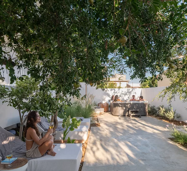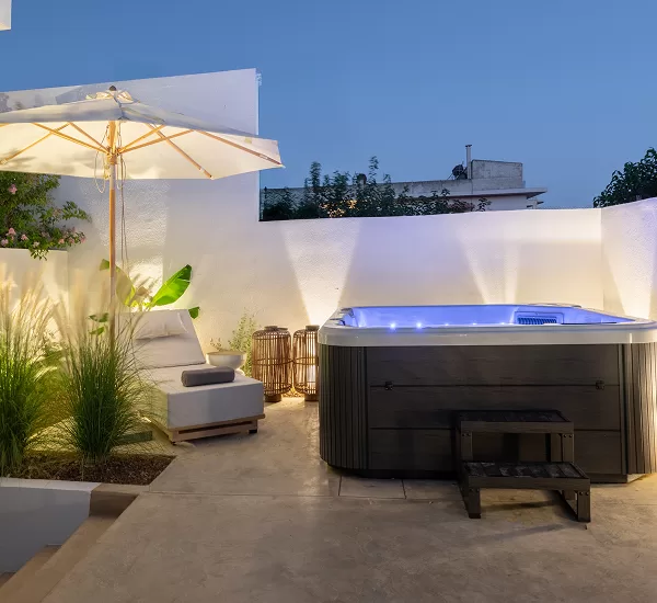 - Ιδιωτική αυλή με Jacuzzi (4-5 ατόμων) και ντουζ
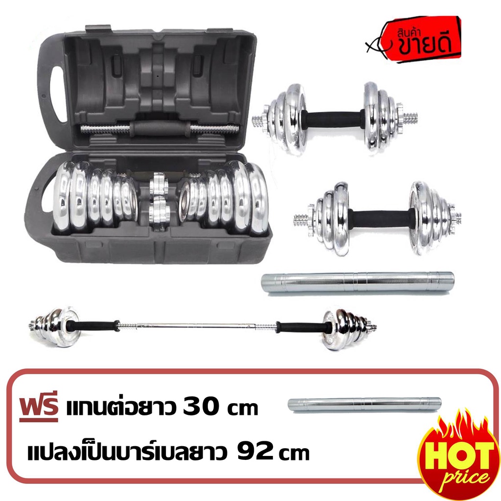 ดัมเบล 20 kg ด้ามจับหุ้มยางสีดำ + ฟรี แกนต่อยาว 30 cm เลือกจ่ายปลายทางได้
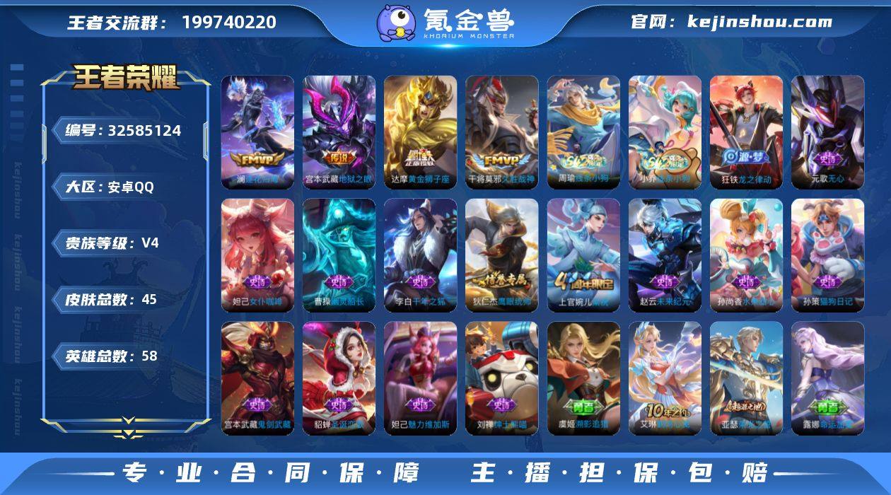 安卓Q-V4-最强王者段位-58英雄-45皮肤-5传说-15史诗【传说皮肤】:马超神骥逐星野,澜逐花归海,干将莫邪久胜战神,达摩黄金狮子座,宫本武藏地狱之眼【限定皮肤】:狄仁杰阴阳师,元歌无心,项羽海滩派对,上官婉儿梁祝,沈梦溪龙舞盛年【赛季限定】:亚瑟荣光之誓【战令限定】:周瑜线条小狗,小乔线条小狗【史诗皮肤】:周瑜线条小狗,小乔线条小狗,狂铁龙之律动,元歌无心,上官婉儿梁祝,狄仁杰鹰眼统帅,孙策猫狗日记,李白千年之狐,曹操幽灵船长,刘禅绅士熊喵,妲己女仆咖啡,妲己魅力维加斯,孙尚香水果甜心,宫本武藏鬼剑武藏,貂蝉圣诞恋歌,赵云未来纪元【其他皮肤】:虞姬溯影追猎,艾琳鹤鸣心笺,亚瑟荣光之誓,哪吒罗小黑战记,露娜命运加冕,沈梦溪龙舞盛年,戈娅危途狂花,王昭君幻想奇妙夜,刘备汉昭烈帝,狄仁杰阴阳师,花木兰兔女郎,亚瑟死亡骑士,宫本武藏未来纪元,赵云忍炎影,露娜哥特玫瑰,项羽海滩派对,桑启画中游,马超幸存者,曜归虚梦演,李信灼热之刃,杨玉环霓裳曲,铠龙域领主,杨戬埃及法老,后羿精灵王【营地ID】:1577597768
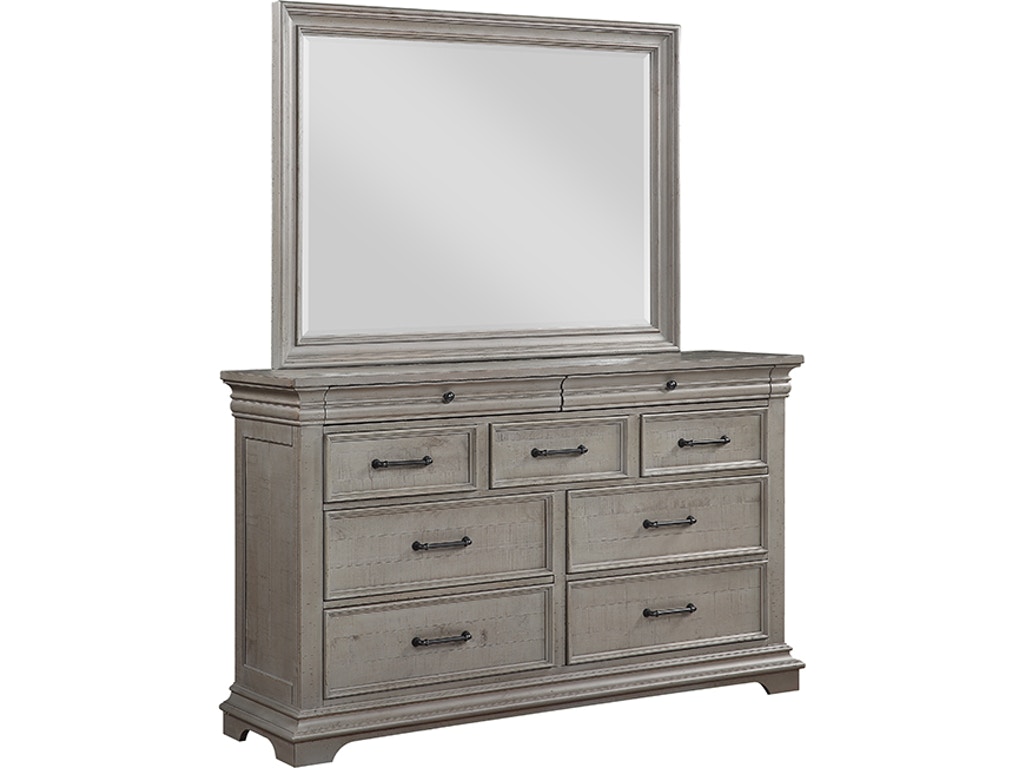 Elevate your bedroom decor with the Lansing Dresser and Mirror, a perfect blend of rustic charm and modern design. The weathered gray finish exudes character, creating a relaxed and inviting ambiance. The black hardware adds a touch of sophistication, enhancing the overall aesthetic.With nine spacious drawers, this dresser offers ample storage for your clothing and belongings. The felt-lined top drawers provide a luxurious space for more delicate items, ensuring practicality meets elegance. Complete the ensemble with the large mirror on top, reflecting light and adding depth to your space.Experience the timeless appeal and functionality of the Lansing Dresser and Mirror, a statement piece that transforms your bedroom into a haven of style and organization. Read More
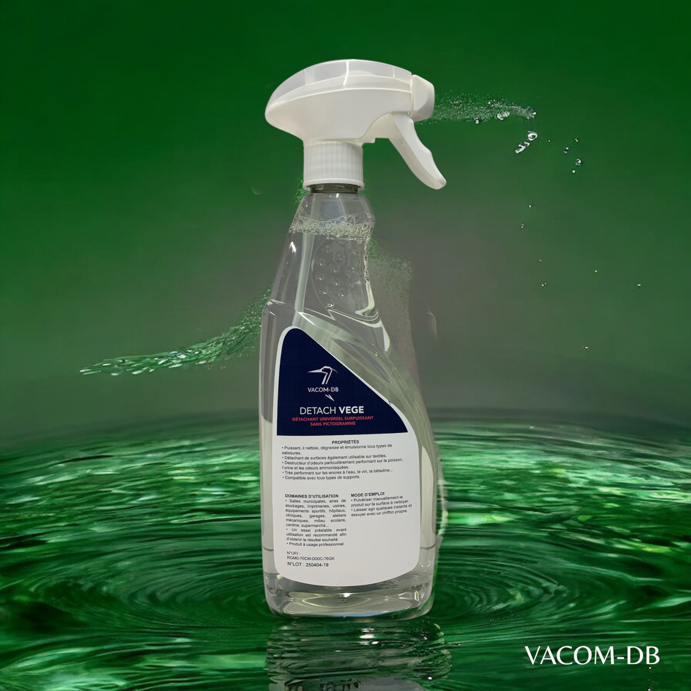 NETTOYANT MULTI-USAGES AU RICIN PAE, destructeur d’odeur de poisson, urine et ammoniaquées. Ce DETACH VEGE est puissant, il nettoie, dégraisse et émulsionne tous types de salissures. C’est un détachant de surfaces également utilisable sur le textile, ce produit est très performant sur les encres à l’eau, le vin, la bétadine et est compatible avec tous types de supports
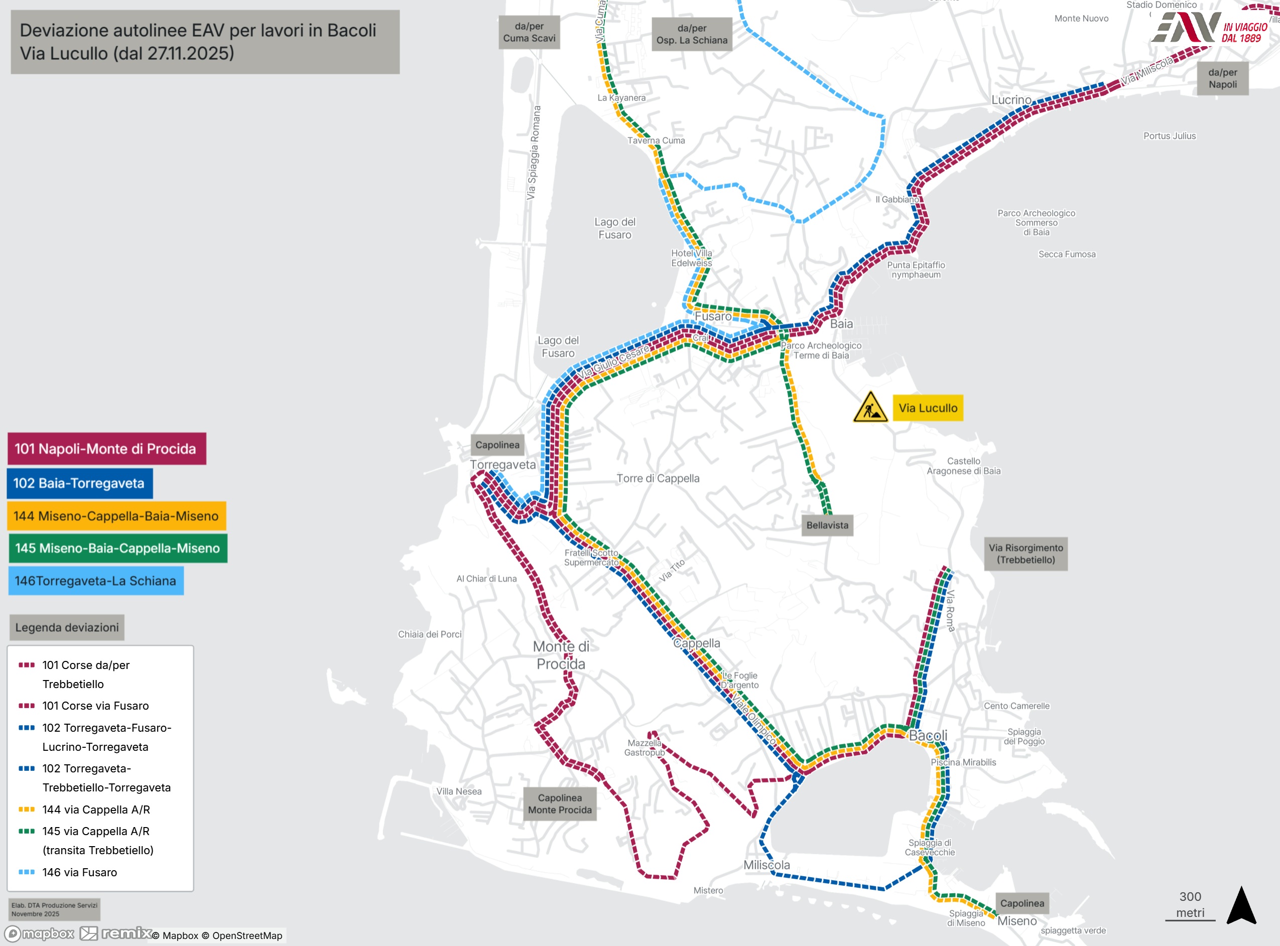 Linee 101-102-135-144-145-146: Deviazione temporanea per interdizione Via Lucullo di Bacoli (dal 27 Novembre 2025)
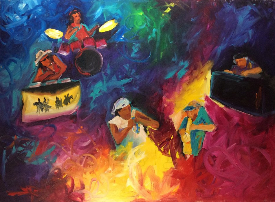 This painting of The Neville Brothers was produced live at New Orleans Jazz & Heritage Festival.
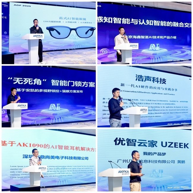 深圳市鼎尚美电子科技有限公司研发总负责人刘平发布了基于安凯微芯片的AI耳机(左下);

▸ **WORK INSTRUCTIONS**
Leaving pictures aside, give again word for word each line from the one with "Linee 101-102-135-144-145-146: Deviazione" to the final line of the entries.

▸ **ANSWER AREA**
 Linee 101-102-135-144-145-146: Deviazione temporanea per interdizione Via Lucullo di Bacoli (dal 27 Novembre 2025)
 This painting of The Neville Brothers was produced live at New Orleans Jazz & Heritage Festival.
 深圳市鼎尚美电子科技有限公司研发总负责人刘平发布了基于安凯微芯片的AI耳机(左下);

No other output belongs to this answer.